How the best CFOs are leading their organizations through a crisis
Whether it’s supply chain disruption or cybersecurity concerns, right now, organizations worldwide are scrambling to put together strategies that can buoy their business through unchartered waters.
On the front lines of an organization’s battle against the virus is the CFO. CFOs play a central role in keeping the business grounded as firefighting measures go on, and also in readying the business to thrive once things start looking up.
CFOs, after all, are the guardians of the company’s financial health, and having a sound, financial footing will be critical to ensure the survival of a business.
Optimize cash reserves
One of the immediate challenges that the CFO would have to address is that of liquidity.
The economic implications of hard lockdowns (such as the one in China) are great – there is an estimated 40 to 50 percent decrease of discretionary consumer spending. Businesses will be shuttering, and will have to rely on cash reserves to keep afloat. CFOs need to optimize cash reserves and actively seek opportunities to increase capital.
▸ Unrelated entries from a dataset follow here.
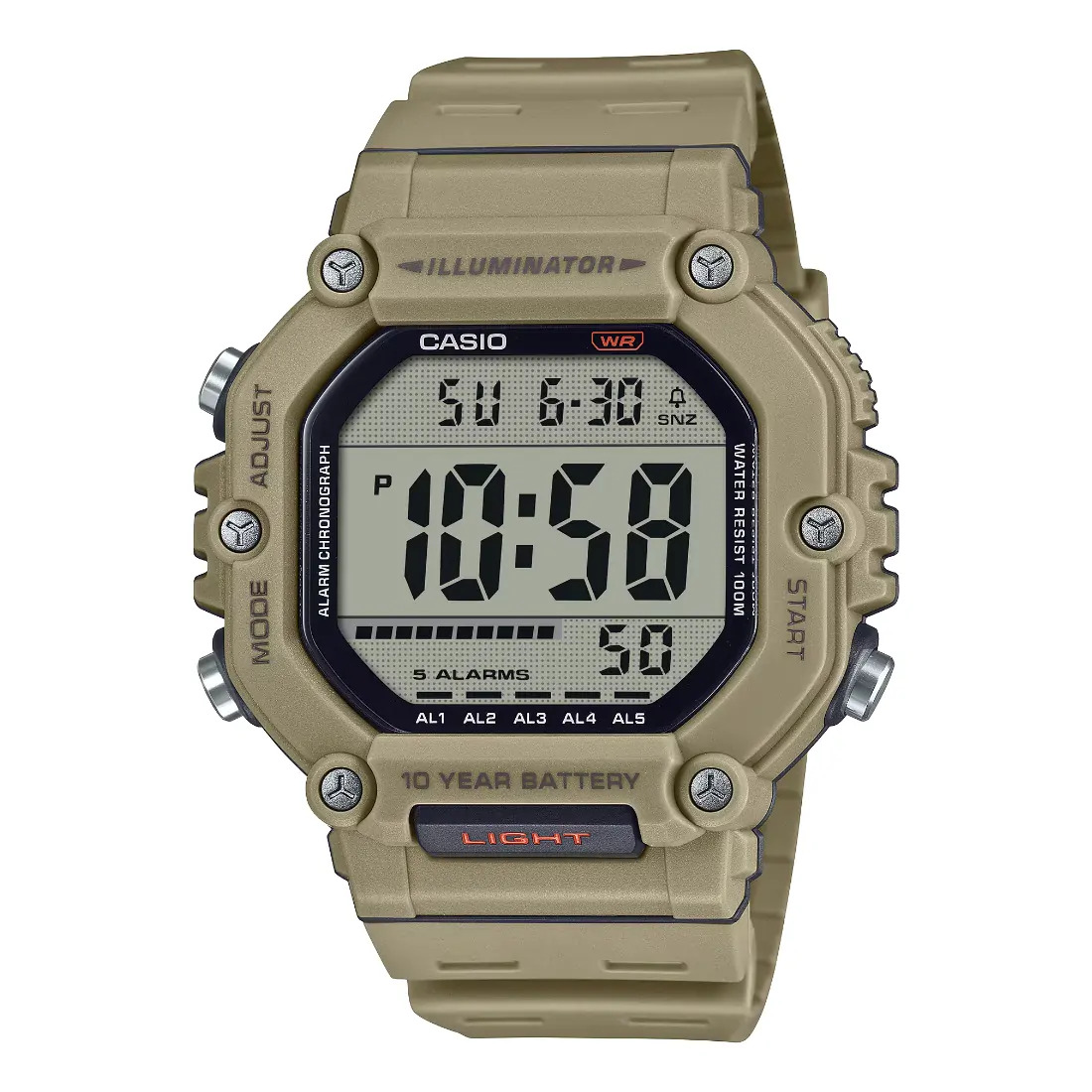Lleve la funcionalidad y el estilo a otro nivel con este reloj de carcasa grande y pantalla LCD de alta visibilidad. Su diseño imponente no solo ofrece un look moderno_ sino que también facilita una experiencia de uso intuitiva y práctica. Con un botón de luz LED frontal para mejorar la visibilidad en cualquier condición_ una resistencia al agua de hasta 100 metros_ y una batería de 10 años de duración_ este reloj está listo para cualquier desafío. Además_ sus múltiples funciones_ como hora dual_ cronómetro_ temporizador y alarma_ lo convierten en el compañero ideal para mantenerse organizado y a tiempo_ ya sea en el trabajo_ el deporte o la aventura.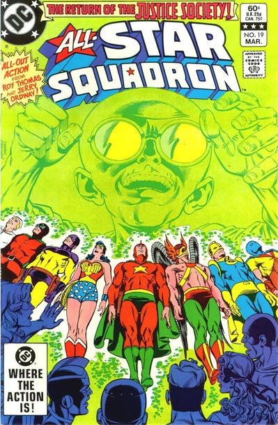 The All-Star Squadron, responding to Brain Wave's challenge, fight their way into the Perisphere on the grounds of the 1939-40 New York World's Fair and find the Justice Society comatose, dreaming of making bloodthirsty war on the Japanese, and being "killed" by the enemy...which may well kill them in the real world.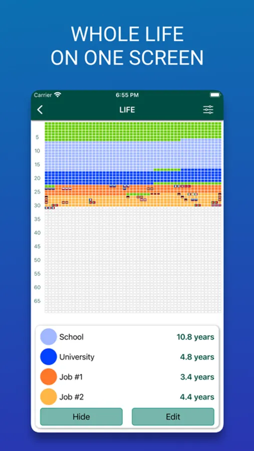 - Add important moments and chapters of your life and have a bird's eye view your life so far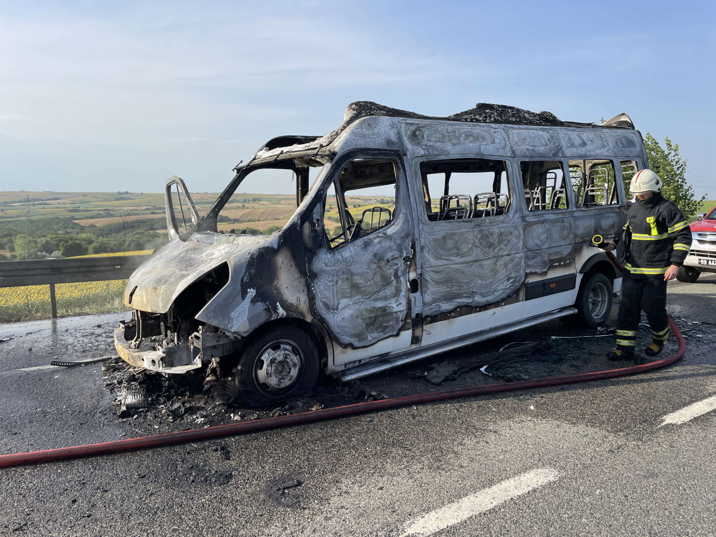 Alınan bilgiye göre, B.K. yönetimindeki 59 *** 325 plakalı minibüs Tekirdağ-Malkara karayolu Beşiktepe Mahallesi kavşağında seyir halindeyken alev aldı.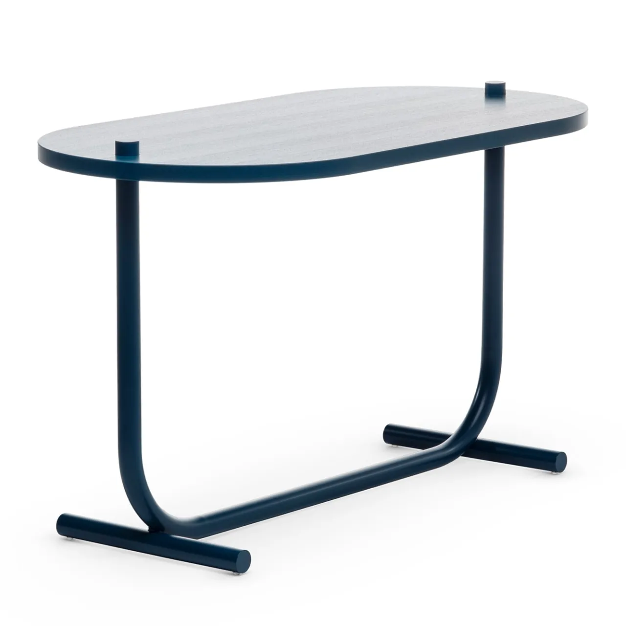 Un’aggiunta squisita alle case moderne e contemporanee che desiderano evocare l’intensità delle profondità oceaniche nei loro corridoi o ingressi, questa console è un esercizio di curve dolci. Il singolo elemento cilindrico in acciaio verniciato a polvere blu oceano, piegato per essere costantemente sollevato dai piedi cilindrici abbinati, attraversa il piano laccato opaco in frassino vicino ai lati arrotondati.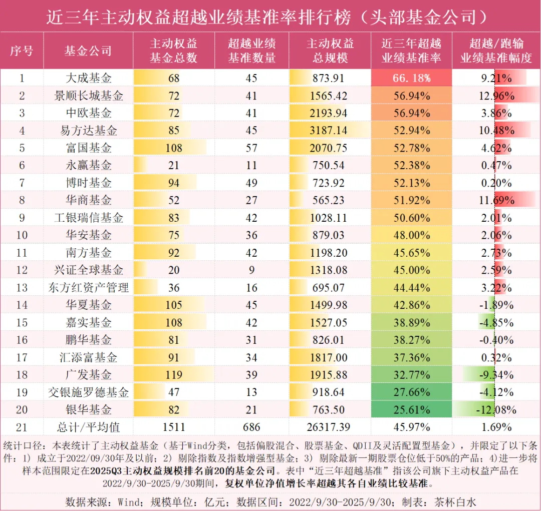 从业绩基准超越率来看,笔者统计了20家头部基金公司在近三年(2022/9/30-2025/9/30)的表现:大成基金以66.18%的超越率位居第一,意味着其旗下近七成产品跑赢了各自的业绩比较基准,远超行业平均水平(45.97%)。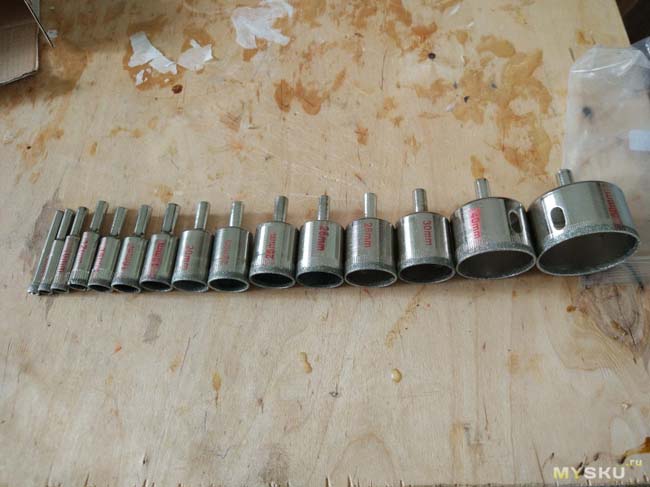 Ещё одна рекомендация – покупать коронки лучше набором. Таким образом, можно сэкономить деньги и избежать ошибки выбора неверного диаметра. Большинство мастеров отдают предпочтение именно наборам с разными видами коронок. Благодаря нехитрым приспособлениям на керамической, керамогранитной, кафельной и мозаичной плитке получаются ровные, без сколов и трещин края.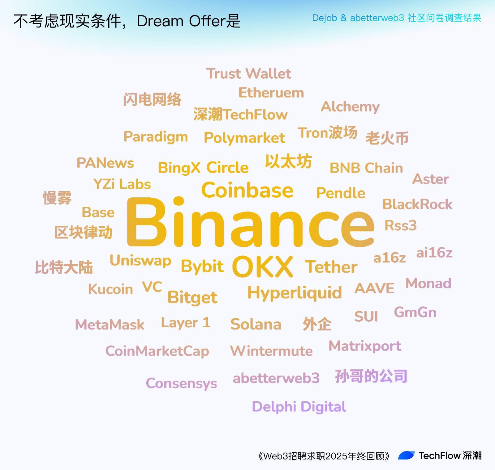 币安作为行业龙头不出意外的被评为榜首。作为“币圈腾讯”,币安既有圈外人的滤镜,也有行业内简历金字招牌的作用,在扶持个人职业生涯上名副其实。链上新贵 Hyperliquid 作为非交易所企业入围前 10,某种意义上反映了其社区的强壮和人们对非交易所产品的渴望。除头部交易所外,这个答案里外企/海外 infra 的名字显著增加,也某种意义上反映了大部分求职者对外企的滤镜和对华人团队的失望。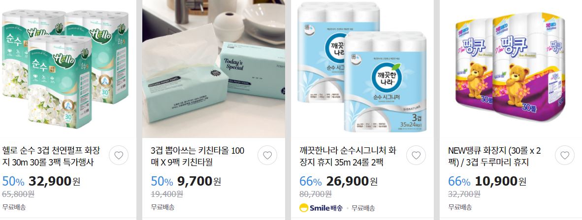 할인 품목 : 휴지, 치약 등

This might include doubling down on customers that are delaying payments, tapping into lines of credits and, if necessary, seek relief on debt covenants to strengthen the balance sheet while they still can. Setting up such a cash ‘war room’ can help CFOs curb spending, and effectively trim the fat where needed.
Prepare for the unexpected
With heightened uncertainty, finance teams will need to rely more heavily on a range of scenarios, instead of individual time-horizon-based frameworks. Brainstorm through two or three integrated scenarios with multiple eventualities, and outline clear thresholds or trigger points that suggest what actions will be taken, and when.
This involves a whole lot of forecasting on the effects of the pandemic on various business facets, so CFOs can consider roping financial planning and analysis (FP&A) teams in, as they work closely with individual business units.
Finally, the CFO must take lead in proactively communicating the organization’s financial crisis strategy to employees, boards of directors and investors.
The organization’s priority is to preserve cash and deploy it dynamically, and this must be clearly communicated organization-wide. All business units are to understand “why this matters now”, and what their specific role is in upholding the “cash culture”.
Frequent investor communications would be highly recommended – it is essential to demonstrate that executives are quick in taking action, and to ensure confidence among all stakeholders where it’s due.
A crisis of this scale will not only reinvent organizations, but also reveal vulnerabilities and opportunities for performance improvement. Not only that, it will accelerate technology adoption by shedding light on what it takes to drive productivity when labor is unavailable.
This is the silver lining – businesses will come out of this storm more resilient, more lean, and well-equipped with the tools and strategies that will help tackle another unprecedented challenge, which will inevitably come.